Intentional Preservation
Last week we talked about choosing one story to send into the future. Some knew right away which one they preserve for their future descendants. Others couldn’t choose— a Sophie’s Choice situation. The good news is that you don’t have to choose just one. Now think about why you tell the stories. What is your intention behind writing them? Who do you want to read them? Who do you want to find them?
My question to you this week is:
The stories you write about your family history—
Who do you want to find them?
Be part of the conversation. Let us know in the comments. Your stories matter.
The reality of the fate of the stories we hold tenuously in our lifetimes is that without intentionally preserving them they will likely be left behind. There will be folks much like us who yearn for even an inkling of what an ancestor was like, what they believed in, and the moments that defined them. Unfortunately, these family history researchers will never see our stories. That is, unless we are intentional about their fate.

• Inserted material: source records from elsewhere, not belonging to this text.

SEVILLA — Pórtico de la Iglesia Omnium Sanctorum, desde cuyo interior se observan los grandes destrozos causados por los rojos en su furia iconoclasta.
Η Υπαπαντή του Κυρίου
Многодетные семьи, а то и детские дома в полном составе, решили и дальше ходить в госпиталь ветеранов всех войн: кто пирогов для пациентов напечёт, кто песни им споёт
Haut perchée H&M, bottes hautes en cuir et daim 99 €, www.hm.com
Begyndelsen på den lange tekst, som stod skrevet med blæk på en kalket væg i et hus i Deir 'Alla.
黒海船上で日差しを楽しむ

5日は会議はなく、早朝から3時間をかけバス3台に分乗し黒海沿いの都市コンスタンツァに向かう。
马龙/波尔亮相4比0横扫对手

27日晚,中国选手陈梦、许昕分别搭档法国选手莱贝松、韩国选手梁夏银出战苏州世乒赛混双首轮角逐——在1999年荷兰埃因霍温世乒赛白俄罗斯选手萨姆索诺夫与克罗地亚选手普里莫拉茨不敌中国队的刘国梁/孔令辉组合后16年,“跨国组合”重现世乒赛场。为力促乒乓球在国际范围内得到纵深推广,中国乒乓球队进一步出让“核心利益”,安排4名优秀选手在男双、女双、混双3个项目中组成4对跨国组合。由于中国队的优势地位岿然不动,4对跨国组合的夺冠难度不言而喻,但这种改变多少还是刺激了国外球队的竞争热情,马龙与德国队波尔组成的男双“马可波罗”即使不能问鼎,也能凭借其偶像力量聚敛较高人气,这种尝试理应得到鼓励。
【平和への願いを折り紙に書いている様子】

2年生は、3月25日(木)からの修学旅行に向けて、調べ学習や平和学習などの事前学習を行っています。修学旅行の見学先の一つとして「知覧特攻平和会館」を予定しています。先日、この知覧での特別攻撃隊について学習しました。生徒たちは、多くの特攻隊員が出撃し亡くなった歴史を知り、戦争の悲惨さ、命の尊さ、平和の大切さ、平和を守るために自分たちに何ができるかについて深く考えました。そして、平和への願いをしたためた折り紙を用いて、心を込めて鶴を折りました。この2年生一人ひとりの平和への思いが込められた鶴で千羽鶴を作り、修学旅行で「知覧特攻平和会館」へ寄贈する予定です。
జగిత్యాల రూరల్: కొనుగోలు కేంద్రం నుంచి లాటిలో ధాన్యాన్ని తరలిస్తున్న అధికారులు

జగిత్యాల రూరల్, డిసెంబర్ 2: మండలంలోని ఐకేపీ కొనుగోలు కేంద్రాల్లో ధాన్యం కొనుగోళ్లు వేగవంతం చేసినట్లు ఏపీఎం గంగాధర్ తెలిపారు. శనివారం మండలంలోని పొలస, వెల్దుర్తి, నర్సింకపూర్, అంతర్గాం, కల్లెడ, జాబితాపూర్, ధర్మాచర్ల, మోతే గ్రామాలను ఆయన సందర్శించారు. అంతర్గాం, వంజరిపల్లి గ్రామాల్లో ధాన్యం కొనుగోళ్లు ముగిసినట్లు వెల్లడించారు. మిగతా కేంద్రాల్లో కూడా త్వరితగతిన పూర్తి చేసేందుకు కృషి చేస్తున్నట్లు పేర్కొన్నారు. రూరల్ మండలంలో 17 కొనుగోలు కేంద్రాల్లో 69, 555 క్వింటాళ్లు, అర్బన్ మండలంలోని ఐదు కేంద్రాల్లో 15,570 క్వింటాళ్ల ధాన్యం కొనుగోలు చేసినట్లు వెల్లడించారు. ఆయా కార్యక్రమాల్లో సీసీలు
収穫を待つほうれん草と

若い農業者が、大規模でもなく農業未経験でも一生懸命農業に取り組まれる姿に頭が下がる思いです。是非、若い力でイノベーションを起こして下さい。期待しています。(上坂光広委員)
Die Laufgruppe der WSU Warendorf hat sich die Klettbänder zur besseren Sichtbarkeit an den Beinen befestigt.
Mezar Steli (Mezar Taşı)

Posting these stories on Substack or any other platform for blogging is an excellent start. It’s important. The stories are told. They’re written down. But it won’t be enough to transport these stories into the year 2050, 2100, or 2126.

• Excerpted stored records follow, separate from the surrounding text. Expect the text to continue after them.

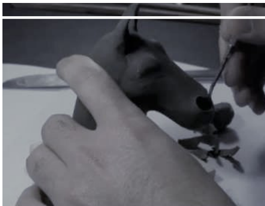
(Imagen: "Cámbrico bis" de José Arreguín Acosta)

Corría el año de 2003 y yo disfrutaba de unas vacaciones de verano. Como cualquier niño de 13 años, buscaba entretenerme con cualquier cosa que no me recordara a la escuela; por suerte, mi madre acostumbraba a buscar para mí diversas actividades recreativas como natación o tae kwondo (tras la fiebre de haber visto todas las películas de Karate Kid). Sin duda, aquellos fueron buenos tiempos. Hoy día cualquiera puede ver que mis aficiones no se inclinaron por el atletismo. Me conformo con flotar sin tragar agua en una alberca, pero aprendí que desarrollar el hábito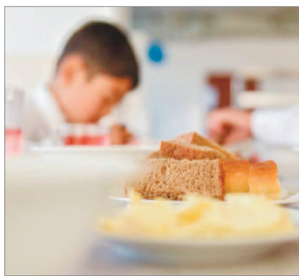
МЕКТЕП МӘЗІРІНЕ МӘН БЕРІЛСЕ...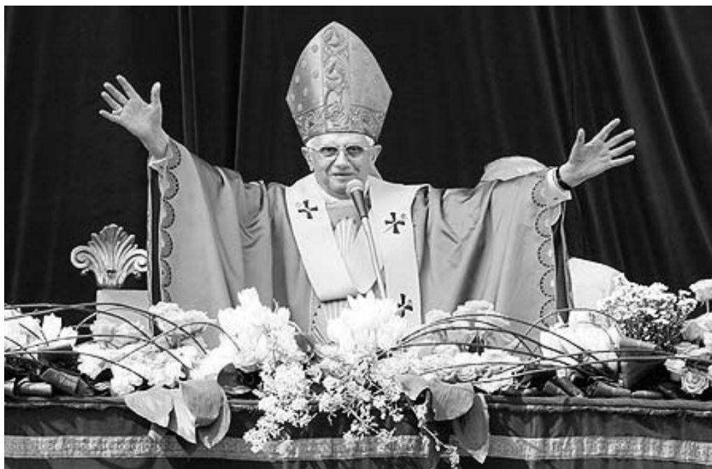
XVI. Benedek pápa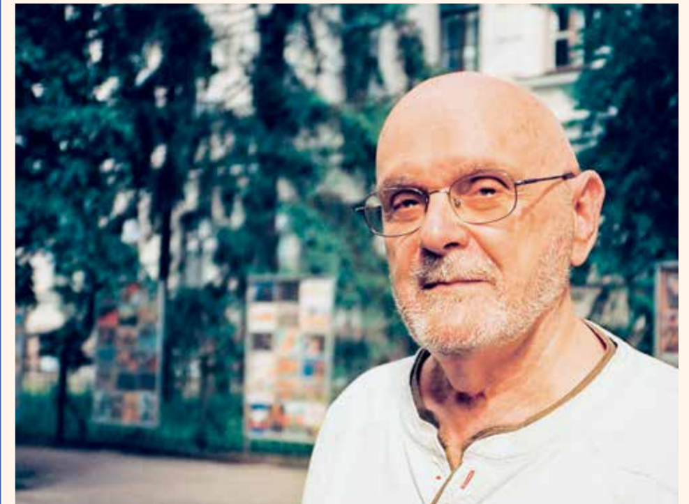
Профессор Саулюс Сужеделис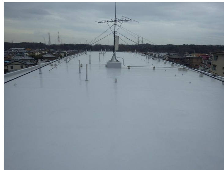
屋上防水 改修 後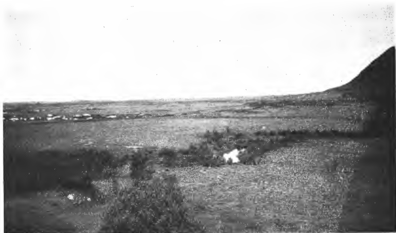
Fig. 2. Fra Gimsøya, partiet fra Jendalselven nordover mot Vinje.

tvers over midtpartiet av øya fra Årvågen i Sundklakkstrømmen til den dyrkede jord mellom Gimsøysand og Saupstad. Av denne ca. 13,200 dekar store myrstrekning er hele 42 % gressmyr, og 52 % er gressrik mosemyr, mens bare 6 % er lyngrik mosemyr. Gressmyrene er vesentlig å finne sydligst og nordligst. Den lyngrike mosemyr inngår som småpartier i den gressrike mosemyr og lar sig ikke utskille særskilt på oversiktskartet. Da de forskjellige partier av denne store myrflate er noe ulike, skal de her behandles hver for sig.

These outstanding stories that I get the pleasure of curating for GenStack each week, stories that go so far beyond the names and dates as to reveal who the individuals were, are likely not to make it that far into the future. The articles may spend many years there, but future descendants and researchers living well after we are around to carry them will likely have disappeared by then.
Think about the way people communicated in 1926, 100 years ago. While 1926, in genealogy years is a minute ago, do we have access to the main source of communication back then? People wrote letters. How many people have found letters their 2-times great grandparent wrote? Of your sixteen 2-times great grandparents, how many of them have letters left behind that you were able to find?
Yes, there are exceptions. I have read articles written that were based on the letters left behind. But these are few.
How many letters were thrown away by someone trying to be efficient after the funeral? How many letters are no longer findable because someone among the many descendants has those letters, but the rest of the descendants have no knowledge of them?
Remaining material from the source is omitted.